Jean Delisle n'a eu que de bons mots pour son père, qu'il a décrit comme un homme «sévère, oui, intègre, droit, mais tellement juste». «Mon père est un bon chrétien, bon avec son prochain, avec l'inconnu dans la rue», a-t-il renchéri, après avoir précisé qu'il était «très généreux». Jacques Delisle a notamment donné 50 000$ à son fils et à sa conjointe pour leur hypothèque et prêté une somme équivalente pour leur commerce.

Jean Delisle a parlé de sa mère avec émotion, se rappelant une femme aidante, intelligente et «intéressée à tout». Elle était de plus «une très bonne chasseuse» et gagnait souvent les concours qu'ils organisaient lors de voyages en famille à l'île aux Oies, s'est-il remémoré.

L'homme de 48 ans a dit toujours conserver un triste souvenir de sa mère à l'hôpital, au lendemain de sa fête où elle a subi un accident vasculaire cérébral (AVC), en avril 2007. «Elle m'a regardé, puis elle savait très bien que sa vie avait changé. Elle m'a dit : "J'aurais dû [y] rester"», a-t-il raconté, en refoulant ses larmes.

La réadaptation de Nicole Rainville se serait bien déroulée par la suite, «mais son moral n'a pas autant suivi, a-t-il observé. Elle devenait la charge de mon père et ça, pour une personne qui a toujours tout contrôlé, qui prenait le lead, elle l'a jamais pris». Il a également affirmé que sa fracture à la hanche, survenue en juillet 2009, avait été «un cauchemar» pour elle.

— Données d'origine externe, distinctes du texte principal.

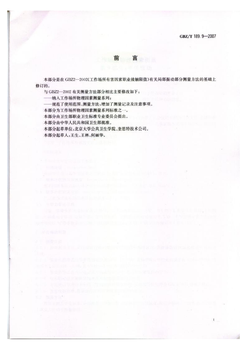 工作场所物理因素测量第9部分_手传振动MeasurementofPhysicalAgentsinWorkplacePart9Hand-transmittedVibration348072@abc前天发布关注私信0.44MB5页027工作场所物理因素测量第9部分_手传振动MeasurementofPhysicalAgentsinWorkplacePart9Hand-transmittedVibration此内容为付费资源,请付费后查看¥13¥19黄金会员免费钻石会员免费立即购买您当前未登录!建议登陆后购买,可保存购买订单付费资源 第1页 / 共5页 第2页 / 共5页 第3页 / 共5页 第4页 / 共5页 第5页 / 共5页 已完成全部阅读,共5页 THE END标准规范 文本预览 ICs13.100c52GBZ中华人民共和国国家职业卫生标准GBZ/T189.9-2007工作场所物理因素测量第9部分:手传振动Measurement of Physical Agents in WorkplacePart 9:Hand-transmitted Vibration2007-04-12发布2007-11-01实施人新电米盐P M P H中华人民共和国卫生部发布 查看更多 收起部分 喜欢就支持一下吧收藏
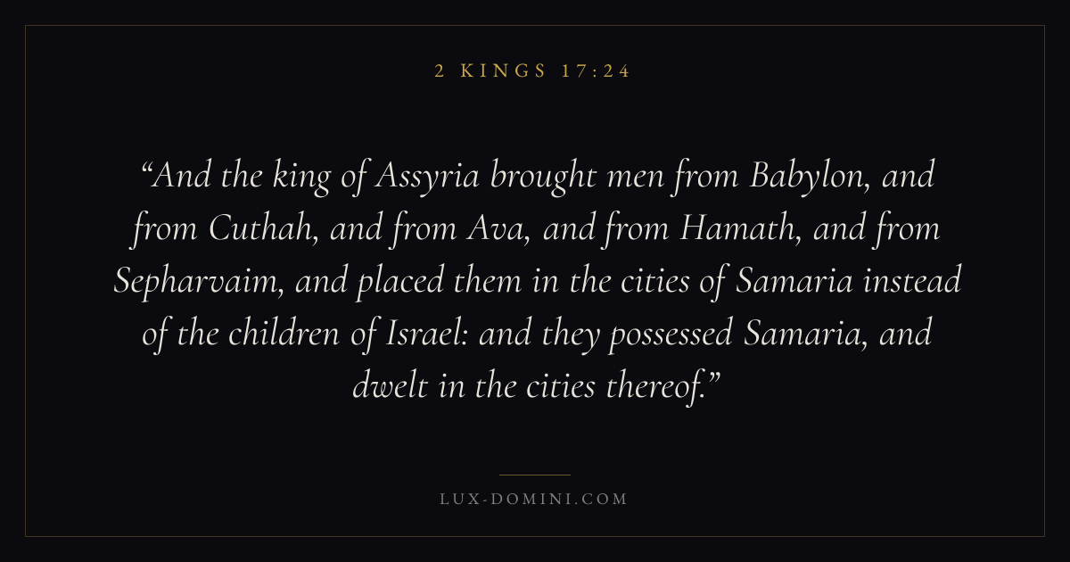 And the king of Assyria brought men from Babylon, and from Cuthah, and from Ava, and from Hamath, and from Sepharvaim, and placed them in the cities of Samaria instead of the children of Israel: and they possessed Samaria, and dwelt in the cities thereof.

Jean Delisle a souligné la confiance et l'admiration qu'il avait pour son père, un «acharné de la vie» qui s'était dévoué au bien-être de sa mère après son AVC. «Il ne l'a jamais abandonnée, au contraire, il l'a supportée», a-t-il dit.

Questionné sur les «tics» de son père par la défense, Jean Delisle a mis l'accent sur sa manie de serrer les poings lorsqu'il s'impatiente, en cherchant un mot par exemple. Il a dit avoir le même tic.

Plus tôt pendant le procès, un enquêteur de la police de Québec a rapporté que Jacques Delisle s'était chicané avec sa femme avant le drame et lui avait lancé: «Ça va-tu finir, tout ça?»

M. Delisle avait reproduit la scène au policier en serrant les poings comme s'il secouait quelqu'un par les épaules. L'ancien juge a plus tard prétendu qu'il avait mimé ce geste sous le coup de l'émotion.

«Tic» mal interprété

En contre-interrogatoire, le procureur de la Couronne, Me Steve Magnan, s'est demandé comment Jean Delisle avait eu le réflexe d'aborder ce tic en particulier. Il a admis que son père lui avait mentionné que ce geste était important aux yeux du ministère public. Et qu'il avait l'impression que le «tic» avait été mal interprété par les policiers. Il a d'ailleurs avancé, avec une pointe d'amertume dans la voix, que les policiers avaient manqué d'empathie à l'hôpital le jour de la mort de sa mère. Quand d'autres agents se sont présentés à sa résidence cinq jours plus tard, il a refusé de les rencontrer, trouvant «assez ordinaire» qu'ils débarquent devant ses deux enfants.

Me Steve Magnan est également revenu sur la fête à laquelle avait pris part Mme Rainville deux semaines avant sa mort. Durant son témoignage, son fils a dit qu'elle avait monté quatre marches toute seule, mais qu'elle s'était vite retirée de la table pour aller s'assoupir sur le canapé. Elle était «triste, dans son monde, épuisée», avait-il noté.

Jean Delisle a semblé embarrassé lorsque Me Magnan lui a demandé pourquoi personne ne l'avait aidée à monter les marches. «Parce que ça fait partie du cheminement de réhabilitation», a-t-il d'abord répondu. Puis, il a ajouté qu'«elle était fière de nous montrer» sa progression et qu'«elle ne demandait pas la pitié» à quiconque.